EC2 instance provisioning with cloud-init
The last thing I wrote about yesterday was making our little web service a bit more secure with SSL, and we are about ready to start deploying an Elixir app to AWS. Before that, though, I wanted to satisfy my curiosity by provisioning the instance using cloud-init
rather than relying on, the somewhat frowned-upon, remote-exec
.
In this example, remote-exec
is basically used to install nginx
using apt-get
via ssh
. Using cloud-config
(part of cloud-init
) we can get the server to do this itself on boot. This example file is pretty useful in figuring things out.

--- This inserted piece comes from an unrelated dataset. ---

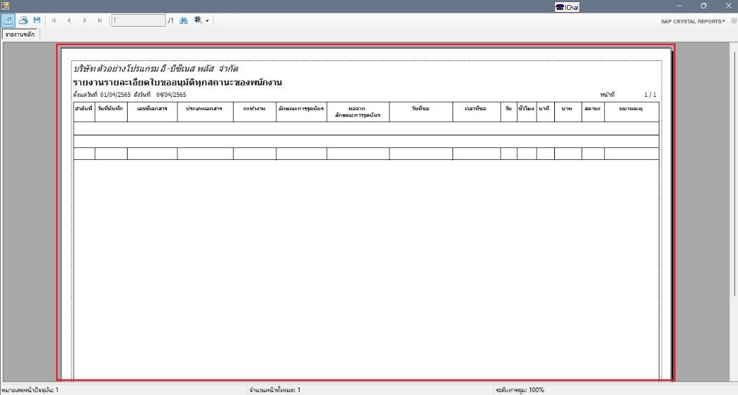อธิบาย: เรียกรายงานรายละเอียดใบขออนุมัติทุกสถานะของพนักงาน แล้วรายงานไม่แสดงข้อมูล

The first thing was to create a yaml file, which I called cloud_config.yaml
and put in the same directory as the Terraform. The contents were
#cloud-config
package_update: true
package_upgrade: true
packages:
- nginx
runcmd:
- service nginx start
The comment #cloud-config
is treated as a directive and is essential.
package-update
runs apt-get update
to make sure the package list is up to date. package_upgrade
runs apt-get upgrade
to make sure everythig is up to date. Next under packages
we make sure that nginx
is installed and the runcmd
starts nginx
.
We add this to our instance resource "aws_instance" "web"
with the attribute
user_data = file("cloud_config.yaml")
There’s also the option to use Terraform templates, but whatevs.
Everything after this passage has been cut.